- **YOUR TASK**: Print each record that follows exactly, leaving the pictures behind.

(Stored items)
* * *
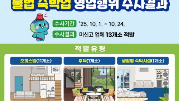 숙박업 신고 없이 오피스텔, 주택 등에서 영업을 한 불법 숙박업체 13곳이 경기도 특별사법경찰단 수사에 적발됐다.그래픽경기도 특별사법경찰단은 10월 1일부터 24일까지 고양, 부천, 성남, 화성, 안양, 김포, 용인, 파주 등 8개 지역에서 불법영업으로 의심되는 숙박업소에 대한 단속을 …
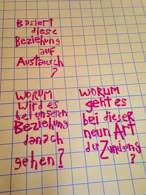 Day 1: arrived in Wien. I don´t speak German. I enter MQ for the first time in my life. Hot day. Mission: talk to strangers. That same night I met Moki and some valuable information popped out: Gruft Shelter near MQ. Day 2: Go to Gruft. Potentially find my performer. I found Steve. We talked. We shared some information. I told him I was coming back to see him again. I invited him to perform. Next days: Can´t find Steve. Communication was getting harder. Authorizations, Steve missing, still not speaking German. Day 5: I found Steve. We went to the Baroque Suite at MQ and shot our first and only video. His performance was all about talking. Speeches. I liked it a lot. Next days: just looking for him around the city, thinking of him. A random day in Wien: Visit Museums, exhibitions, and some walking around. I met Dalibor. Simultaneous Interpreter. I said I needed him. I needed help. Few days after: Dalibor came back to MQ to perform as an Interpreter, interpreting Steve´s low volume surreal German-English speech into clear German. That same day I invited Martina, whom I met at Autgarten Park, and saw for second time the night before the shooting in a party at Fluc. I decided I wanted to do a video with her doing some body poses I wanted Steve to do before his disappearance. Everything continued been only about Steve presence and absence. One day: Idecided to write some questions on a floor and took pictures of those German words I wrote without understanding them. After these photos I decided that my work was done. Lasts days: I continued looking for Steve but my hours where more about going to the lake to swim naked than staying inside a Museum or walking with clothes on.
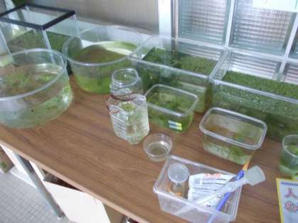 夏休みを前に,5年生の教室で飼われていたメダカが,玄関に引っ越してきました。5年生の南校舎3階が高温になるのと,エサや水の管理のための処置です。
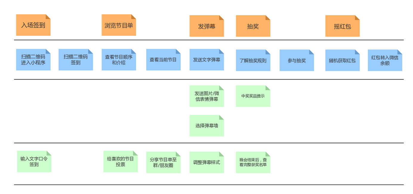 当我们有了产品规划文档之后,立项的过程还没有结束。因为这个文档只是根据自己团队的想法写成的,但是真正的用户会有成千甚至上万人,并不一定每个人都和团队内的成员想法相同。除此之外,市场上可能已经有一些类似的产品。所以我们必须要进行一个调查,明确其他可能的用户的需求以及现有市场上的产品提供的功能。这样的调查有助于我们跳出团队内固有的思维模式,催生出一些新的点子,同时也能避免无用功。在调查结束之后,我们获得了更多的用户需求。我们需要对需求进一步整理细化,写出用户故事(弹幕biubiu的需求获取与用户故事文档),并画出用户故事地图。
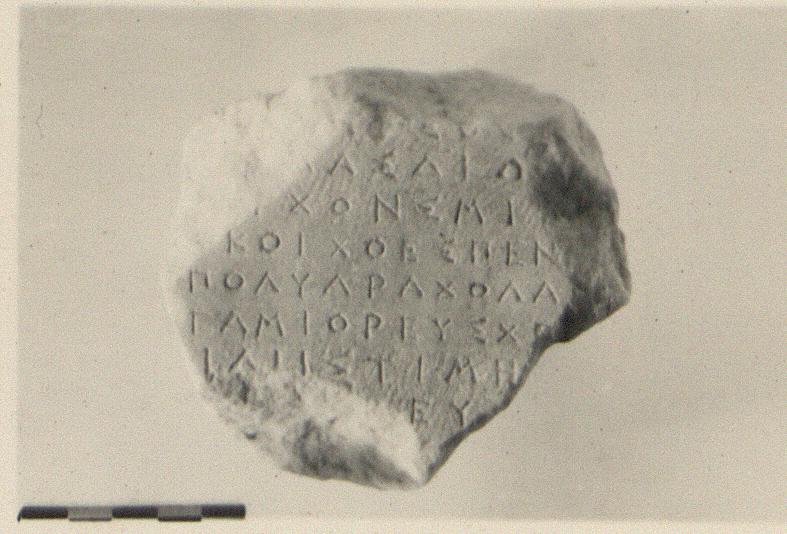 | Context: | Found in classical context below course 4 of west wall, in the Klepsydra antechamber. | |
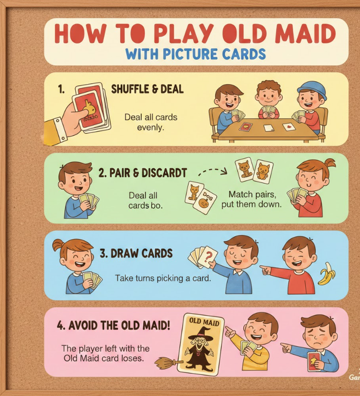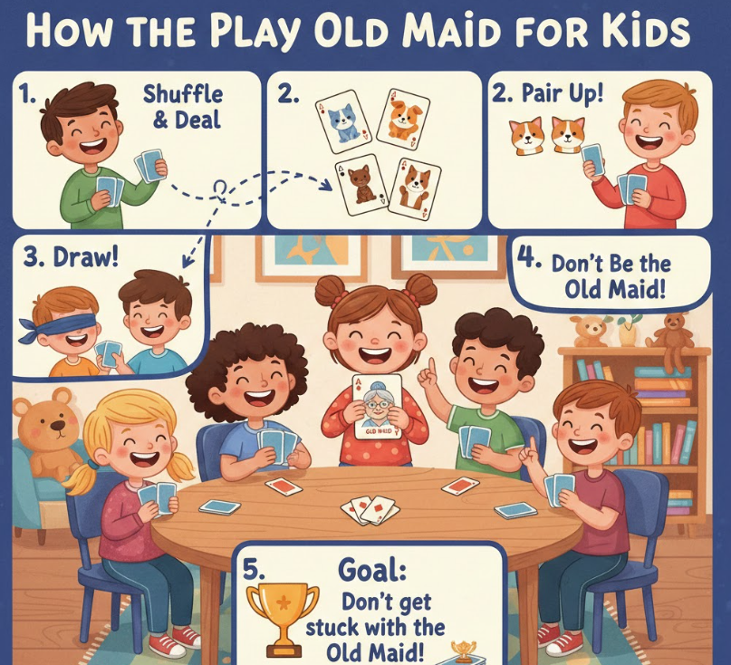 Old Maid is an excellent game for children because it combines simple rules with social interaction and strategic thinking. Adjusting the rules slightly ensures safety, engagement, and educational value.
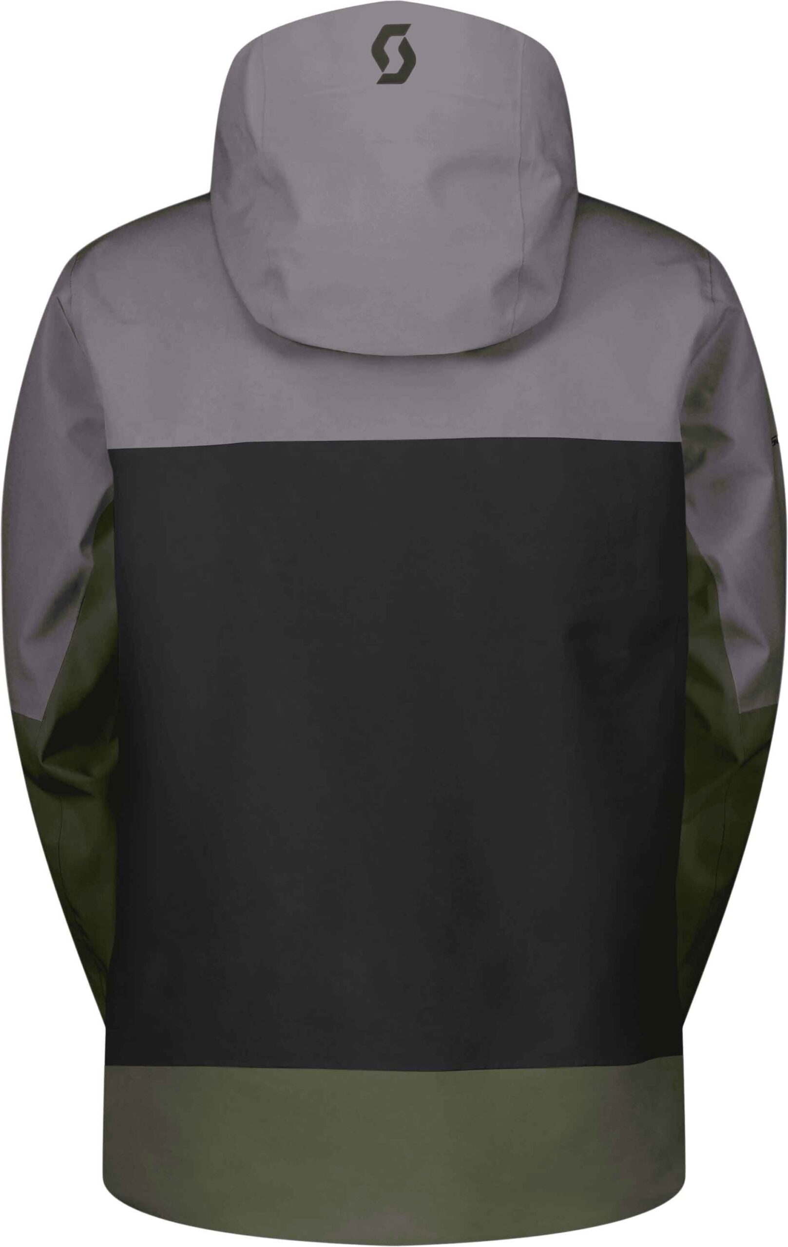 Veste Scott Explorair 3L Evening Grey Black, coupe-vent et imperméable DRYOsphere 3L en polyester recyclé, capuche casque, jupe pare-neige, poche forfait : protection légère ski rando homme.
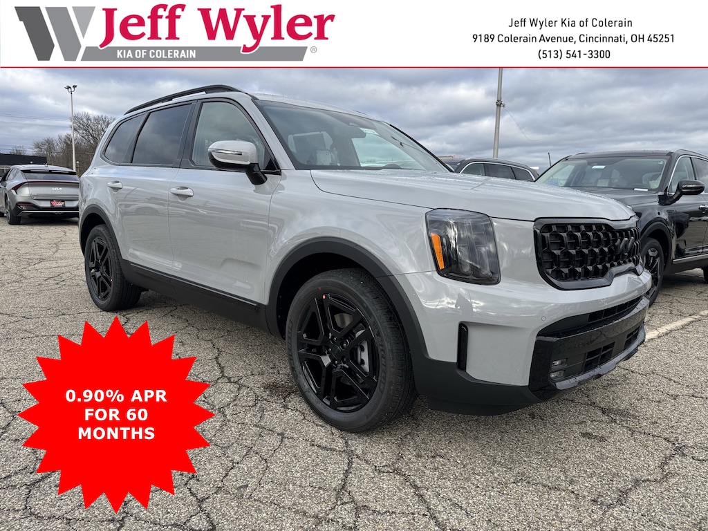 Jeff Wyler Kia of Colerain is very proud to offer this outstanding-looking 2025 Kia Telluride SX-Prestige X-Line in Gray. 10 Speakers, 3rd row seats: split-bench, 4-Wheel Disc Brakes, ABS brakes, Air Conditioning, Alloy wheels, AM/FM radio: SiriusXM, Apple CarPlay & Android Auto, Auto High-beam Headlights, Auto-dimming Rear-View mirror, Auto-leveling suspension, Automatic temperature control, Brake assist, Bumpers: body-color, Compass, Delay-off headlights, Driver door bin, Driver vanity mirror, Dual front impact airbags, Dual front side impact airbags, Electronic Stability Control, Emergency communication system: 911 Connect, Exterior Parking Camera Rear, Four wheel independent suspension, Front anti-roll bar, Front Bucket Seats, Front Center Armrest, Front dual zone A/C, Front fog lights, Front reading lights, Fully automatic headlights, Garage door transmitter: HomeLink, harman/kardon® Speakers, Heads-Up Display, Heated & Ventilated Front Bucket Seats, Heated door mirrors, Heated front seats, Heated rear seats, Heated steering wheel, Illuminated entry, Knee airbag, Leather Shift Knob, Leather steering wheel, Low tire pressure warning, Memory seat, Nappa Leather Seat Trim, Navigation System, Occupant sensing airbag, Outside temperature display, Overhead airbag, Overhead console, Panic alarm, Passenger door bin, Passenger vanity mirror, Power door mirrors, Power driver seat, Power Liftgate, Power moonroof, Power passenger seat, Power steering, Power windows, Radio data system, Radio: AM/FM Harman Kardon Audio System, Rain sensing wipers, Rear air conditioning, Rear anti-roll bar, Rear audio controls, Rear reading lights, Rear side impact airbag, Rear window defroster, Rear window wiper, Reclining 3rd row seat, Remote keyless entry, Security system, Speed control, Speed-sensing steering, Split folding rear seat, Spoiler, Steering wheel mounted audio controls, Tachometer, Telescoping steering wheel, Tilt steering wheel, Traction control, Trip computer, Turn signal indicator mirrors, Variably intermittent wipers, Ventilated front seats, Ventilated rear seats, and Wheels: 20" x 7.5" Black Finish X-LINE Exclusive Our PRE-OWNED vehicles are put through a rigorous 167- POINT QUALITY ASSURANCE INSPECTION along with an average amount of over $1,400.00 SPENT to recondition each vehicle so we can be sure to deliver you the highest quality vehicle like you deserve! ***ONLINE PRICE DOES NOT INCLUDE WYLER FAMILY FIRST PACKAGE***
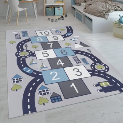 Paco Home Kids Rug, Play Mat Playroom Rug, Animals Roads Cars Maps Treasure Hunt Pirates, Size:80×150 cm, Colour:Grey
* * *
- **ANSWER TO THE PROBLEM**:
 숙박업 신고 없이 오피스텔, 주택 등에서 영업을 한 불법 숙박업체 13곳이 경기도 특별사법경찰단 수사에 적발됐다.그래픽경기도 특별사법경찰단은 10월 1일부터 24일까지 고양, 부천, 성남, 화성, 안양, 김포, 용인, 파주 등 8개 지역에서 불법영업으로 의심되는 숙박업소에 대한 단속을 …
 Day 1: arrived in Wien. I don´t speak German. I enter MQ for the first time in my life. Hot day. Mission: talk to strangers. That same night I met Moki and some valuable information popped out: Gruft Shelter near MQ. Day 2: Go to Gruft. Potentially find my performer. I found Steve. We talked. We shared some information. I told him I was coming back to see him again. I invited him to perform. Next days: Can´t find Steve. Communication was getting harder. Authorizations, Steve missing, still not speaking German. Day 5: I found Steve. We went to the Baroque Suite at MQ and shot our first and only video. His performance was all about talking. Speeches. I liked it a lot. Next days: just looking for him around the city, thinking of him. A random day in Wien: Visit Museums, exhibitions, and some walking around. I met Dalibor. Simultaneous Interpreter. I said I needed him. I needed help. Few days after: Dalibor came back to MQ to perform as an Interpreter, interpreting Steve´s low volume surreal German-English speech into clear German. That same day I invited Martina, whom I met at Autgarten Park, and saw for second time the night before the shooting in a party at Fluc. I decided I wanted to do a video with her doing some body poses I wanted Steve to do before his disappearance. Everything continued been only about Steve presence and absence. One day: Idecided to write some questions on a floor and took pictures of those German words I wrote without understanding them. After these photos I decided that my work was done. Lasts days: I continued looking for Steve but my hours where more about going to the lake to swim naked than staying inside a Museum or walking with clothes on.
 夏休みを前に,5年生の教室で飼われていたメダカが,玄関に引っ越してきました。5年生の南校舎3階が高温になるのと,エサや水の管理のための処置です。
 当我们有了产品规划文档之后,立项的过程还没有结束。因为这个文档只是根据自己团队的想法写成的,但是真正的用户会有成千甚至上万人,并不一定每个人都和团队内的成员想法相同。除此之外,市场上可能已经有一些类似的产品。所以我们必须要进行一个调查,明确其他可能的用户的需求以及现有市场上的产品提供的功能。这样的调查有助于我们跳出团队内固有的思维模式,催生出一些新的点子,同时也能避免无用功。在调查结束之后,我们获得了更多的用户需求。我们需要对需求进一步整理细化,写出用户故事(弹幕biubiu的需求获取与用户故事文档),并画出用户故事地图。
 | Context: | Found in classical context below course 4 of west wall, in the Klepsydra antechamber. | |
 Old Maid is an excellent game for children because it combines simple rules with social interaction and strategic thinking. Adjusting the rules slightly ensures safety, engagement, and educational value.
 Veste Scott Explorair 3L Evening Grey Black, coupe-vent et imperméable DRYOsphere 3L en polyester recyclé, capuche casque, jupe pare-neige, poche forfait : protection légère ski rando homme.
 Jeff Wyler Kia of Colerain is very proud to offer this outstanding-looking 2025 Kia Telluride SX-Prestige X-Line in Gray. 10 Speakers, 3rd row seats: split-bench, 4-Wheel Disc Brakes, ABS brakes, Air Conditioning, Alloy wheels, AM/FM radio: SiriusXM, Apple CarPlay & Android Auto, Auto High-beam Headlights, Auto-dimming Rear-View mirror, Auto-leveling suspension, Automatic temperature control, Brake assist, Bumpers: body-color, Compass, Delay-off headlights, Driver door bin, Driver vanity mirror, Dual front impact airbags, Dual front side impact airbags, Electronic Stability Control, Emergency communication system: 911 Connect, Exterior Parking Camera Rear, Four wheel independent suspension, Front anti-roll bar, Front Bucket Seats, Front Center Armrest, Front dual zone A/C, Front fog lights, Front reading lights, Fully automatic headlights, Garage door transmitter: HomeLink, harman/kardon® Speakers, Heads-Up Display, Heated & Ventilated Front Bucket Seats, Heated door mirrors, Heated front seats, Heated rear seats, Heated steering wheel, Illuminated entry, Knee airbag, Leather Shift Knob, Leather steering wheel, Low tire pressure warning, Memory seat, Nappa Leather Seat Trim, Navigation System, Occupant sensing airbag, Outside temperature display, Overhead airbag, Overhead console, Panic alarm, Passenger door bin, Passenger vanity mirror, Power door mirrors, Power driver seat, Power Liftgate, Power moonroof, Power passenger seat, Power steering, Power windows, Radio data system, Radio: AM/FM Harman Kardon Audio System, Rain sensing wipers, Rear air conditioning, Rear anti-roll bar, Rear audio controls, Rear reading lights, Rear side impact airbag, Rear window defroster, Rear window wiper, Reclining 3rd row seat, Remote keyless entry, Security system, Speed control, Speed-sensing steering, Split folding rear seat, Spoiler, Steering wheel mounted audio controls, Tachometer, Telescoping steering wheel, Tilt steering wheel, Traction control, Trip computer, Turn signal indicator mirrors, Variably intermittent wipers, Ventilated front seats, Ventilated rear seats, and Wheels: 20" x 7.5" Black Finish X-LINE Exclusive Our PRE-OWNED vehicles are put through a rigorous 167- POINT QUALITY ASSURANCE INSPECTION along with an average amount of over $1,400.00 SPENT to recondition each vehicle so we can be sure to deliver you the highest quality vehicle like you deserve! ***ONLINE PRICE DOES NOT INCLUDE WYLER FAMILY FIRST PACKAGE***
 Paco Home Kids Rug, Play Mat Playroom Rug, Animals Roads Cars Maps Treasure Hunt Pirates, Size:80×150 cm, Colour:Grey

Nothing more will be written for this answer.